# Mapmaking Discussion & Philosophy (WIP/Critique) > General and Miscellaneous Mapping >  Suggestions/Critiques on first map!

## Knighthood

Hey All,

I have constantly been drawing on this map, removing pieces, adding in things, trying to make sense if the geography would make sense, etc etc... I'm overly critical of my attempts at writing and drawing, and by no means would I consider myself an artist. But I feel somewhat proud about this map I made, I feel it has a lot of potential for growth and design, but I need help/suggestions.

What makes sense? Where should a long mountain range go? Should the water ways change and go entirely different directions? How does the land look from different people's perspective? Does it looks like it would a fertile place, or a massive wasteland?

So I'm curious what others might have to say about this. I'm slowly trying to build this continent, just one part of a larger world, and could use some constructive advice and/or criticism. So please, share your comments below, and thank you!

----------


## Hai-Etlik

You've got some Rectangularitis going on there;  the shape is clearly fitted into the paper.  Real land forms are not so convenient and it will become more obvious if you ever try to integrate it into a larger map.  If you want to do a larger map you should also have an idea of the projection you are using with this one.

You have several features that appear to be intended as rivers? While extremely exaggerated river width is a viable way of drawing maps, it's best to do so as part of a final map, not while you're still planning things out.  If those aren't rivers then they really make no sense.  It's best to plan rivers after mountains and climates as both of those have significant impacts on river formation.  Also keep in mind that further up a river means higher elevation while the elevation along the oceanic coastline varies very little so if the upper reaches of a river are near a coastline, you have a steep gradient which a river 

The large water body in the middle sort of makes sense as a flooded rift valley something like the Red Sea, but the shape looks more like a fjord or ria, except that neither could be that big, especially without a much larger area upstream as a watershed/iceshed.  For a rift valley it should be less "sinuous" and more "blocky" and it, and any branches, should align with other features rather than alternating with them: for instance, the large bays along the north coast are between the branches of the rift rather than lined up with them.

Keep in mind the extent of the thing you're creating and draw things on it that make sense for that extent.  Fjords the size of seas and rivers with deltas bigger than their watersheds don't make sense and will look off.

----------


## Knighthood

Thank you Hai-Etlik!

You're right, my thought process was from the ground (water) up and not the other way around (climate-> higher elevation -> lower elevation -> sea level). I never had considered the gradient variance with how close a river way was to the coastline and how that would impact the overall "flow" of things. 
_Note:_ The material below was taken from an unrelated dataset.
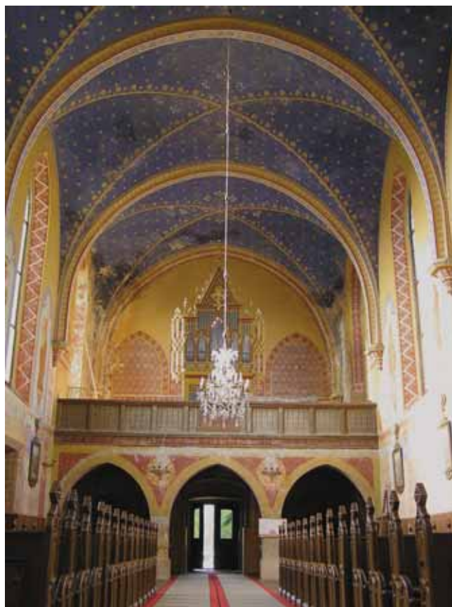
7. Unutrašnjost crkve u Veleševcu, pogled prema koru

Nabavljanje nove unutrašnje opreme za crkvu u Veleševcu uglavnom je završeno tijekom 1871. godine, dakle prije

So starting from scratch, I'll be better prepared to think top down. My overall plan is to design a land mass, small but much larger than a solitary island, sizing somewhere in-between Japan and New Zealand (so around 300k KM). The overall size should be able to contain many large medieval sized cities, but it will only have a few spread across due to natural obstructions like mountains and rivers (that's what I had originally been stuck on thinking about because I couldn't think of how I wanted the mountains to be arranged), but due to these natural obstructions it would lead to many valleys and large plains fields and thick/lush forests. I also envisioned a very unforgiving coastline that prevents many entry points onto the land mass, i.e. reef structure and rocky/high coastlines, therefore filtering where civilization would develop. I figured the climate would be temperate to allow for mountains to potentially have snow caps.


That is what I had envisioned in my mind.

----------